Ia berharap HIMPERRA Property Expo dapat berkembang menjadi agenda tahunan dengan skala yang semakin besar sehingga memberikan dampak positif bagi industri properti, khususnya di Jawa Tengah.
Ketua DPC 4 HIMPERRA Solo Raya, Sigit Sugih Harjo, menyebut dari total 128 anggota, sebanyak 86 anggota aktif menyediakan ribuan unit rumah untuk masyarakat.
“Pencapaian akad kami pada 2025 mencapai 1.660 unit. Saat ini masih tersedia sekitar 4.082 unit. Kami optimis dan terus berkolaborasi dengan asosiasi agen properti serta supplier material untuk mempercepat penjualan, sekaligus mensukseskan Program Nasional 3 Juta Rumah,” ujar Sigit.

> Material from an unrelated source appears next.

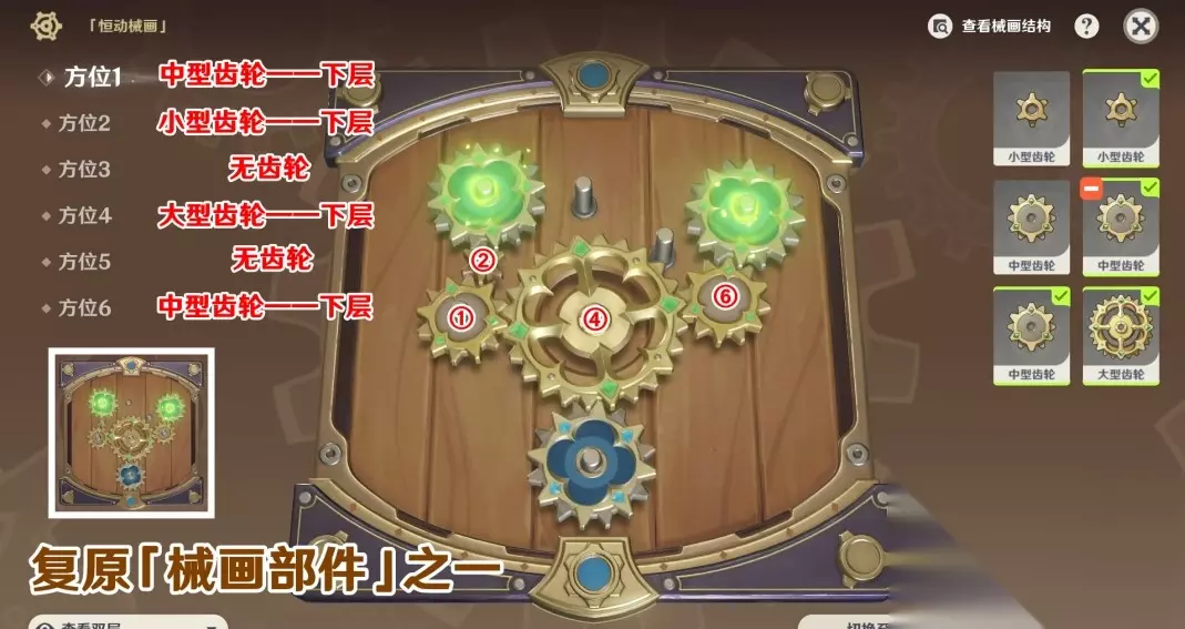 《原神》恒动械画械画部件之一攻略 方位1:中型齿轮——下层 方位2:小型齿轮——下层 方位4:大型齿轮——下层 方位6:中型齿轮——下层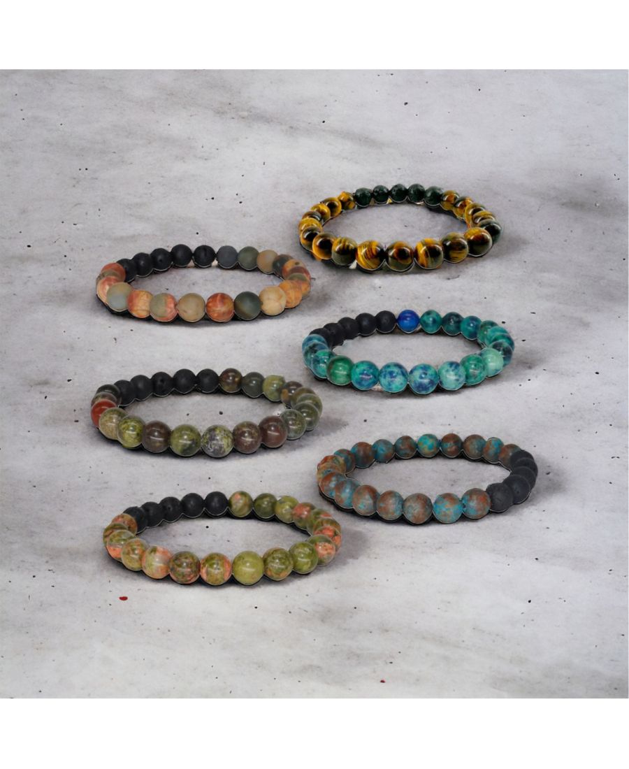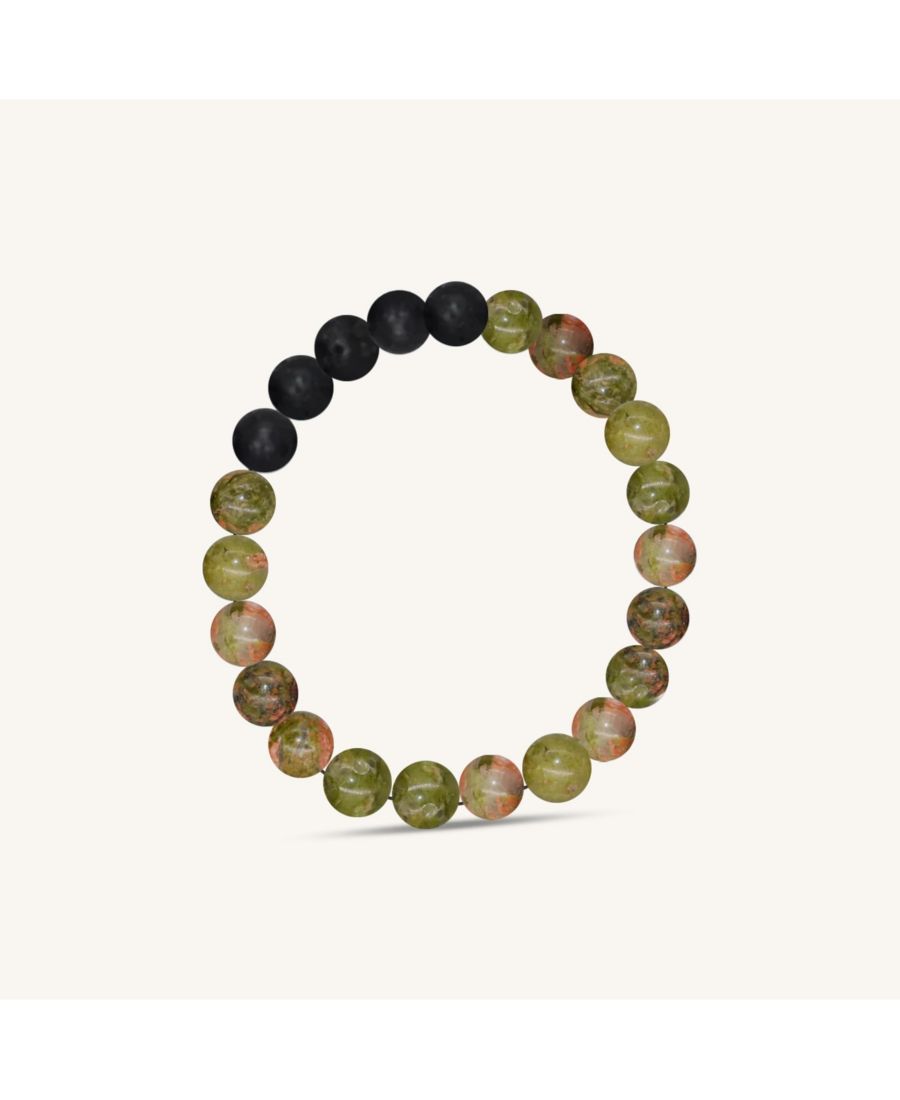 Кристалл унакита - камень видения: уравновешивающий и успокаивающий, он объединяет эмоции и духовность, способствуя гармонии. Изготовлен из высококачественных камней унакита, каждый из которых выбран за свои уникальные метафизические свойства. Кристалл унакита в каждом браслете способствует самопознанию, эмоциональному равновесию и внутреннему покою. Бусины из лавы впитывают эфирные масла, обеспечивая ароматерапевтический эффект в течение всего дня. Носите с пользой, примите энергию гармонии. Откройте для себя баланс с гармонизирующей энергией унакита, объединяющей эмоции и духовность для внутреннего покоя. Этот браслет сочетает в себе красоту и функциональность, изготовлен из высококачественных материалов и обладает преобразующей силой унакита, чтобы поднять ваш жизненный путь на новый уровень. Полудрагоценные камни унакита. Прочная эластичная нить для длительной фиксации. 5 бусин из лавы. Сделано в США

2. Momentum Beli Rumah Sebelum Harga Menyesuaikan

Pameran HIMPERRA Property Expo 2026 di Atrium Solo Square, Surakarta. (IDN Times/Larasati Rey) Ketua Umum DPP HIMPERRA, H. Ari Tri Priyono, menilai momentum menjelang akhir 2026 menjadi waktu yang tepat bagi masyarakat untuk mempertimbangkan pembelian rumah.
Menurutnya, peluang tersebut semakin terbuka dengan adanya berbagai dukungan pembiayaan dan insentif pemerintah. Salah satunya skema angsuran bagi Masyarakat Berpenghasilan Rendah (MBR), insentif PPN Ditanggung Pemerintah (PPN DTP) 100 persen untuk hunian menengah hingga Rp2 miliar, serta pembebasan BPHTB di sejumlah daerah.
“Tahun ini HIMPERRA menargetkan penjualan secara nasional hingga mendekati 70.000 unit. Saat ini momentum sangat tepat untuk membeli rumah karena didukung berbagai kemudahan,” jelas Ari.
Sementara itu, Ketua DPD HIMPERRA Jawa Tengah, Sugiyatno, menargetkan realisasi penjualan hingga 15.000 unit rumah di 35 kabupaten/kota sepanjang 2026. Target tersebut meningkat dibandingkan realisasi tahun sebelumnya yang mencapai 9.900 unit.
Khusus wilayah Solo Raya, ketersediaan rumah disebut mencapai sekitar 3.000 unit dengan target akad hingga akhir tahun mendekati 4.000 unit.
3. HIMPERRA Serahkan Bantuan RTLH.

Pameran HIMPERRA Property Expo 2026 di Atrium Solo Square, Surakarta. (IDN Times/Larasati Rey) Selain mendorong transaksi properti, pembukaan expo juga diwarnai aksi sosial. DPD HIMPERRA Jawa Tengah menyerahkan bantuan Corporate Social Responsibility (CSR) melalui program Rumah Tidak Layak Huni (RTLH).
Bantuan masing-masing senilai Rp25 juta per unit diberikan untuk empat daerah, yakni Kabupaten Grobogan, Kendal, Boyolali, dan Kota Surakarta.
Sugiyatno mengatakan bantuan tersebut menjadi bentuk apresiasi HIMPERRA terhadap pemerintah daerah yang memberikan dukungan terhadap sektor perumahan, termasuk kemudahan perizinan dan insentif pembebasan BPHTB.
“HIMPERRA tidak hanya berbisnis, tetapi juga berkomitmen memberikan kontribusi sosial bagi daerah,” tegas Sugiyatno.
Dukungan terhadap penyelenggaraan expo juga datang dari Pemerintah Kota Surakarta. Kepala Dinas Perumahan dan Kawasan Permukiman (Disperkim) Kota Surakarta, Nico Agus Putranto, menilai sektor perumahan memiliki efek berantai terhadap perekonomian daerah.
“Pembangunan perumahan menggerakkan sektor konstruksi, material, tenaga kerja, hingga UMKM. Kami berharap expo ini menjadi solusi penyediaan hunian yang inovatif, berkualitas, terjangkau, serta tetap memperhatikan aspek kelestarian lingkungan dan keberlanjutan bagi masyarakat Solo Raya,” tutur Nico.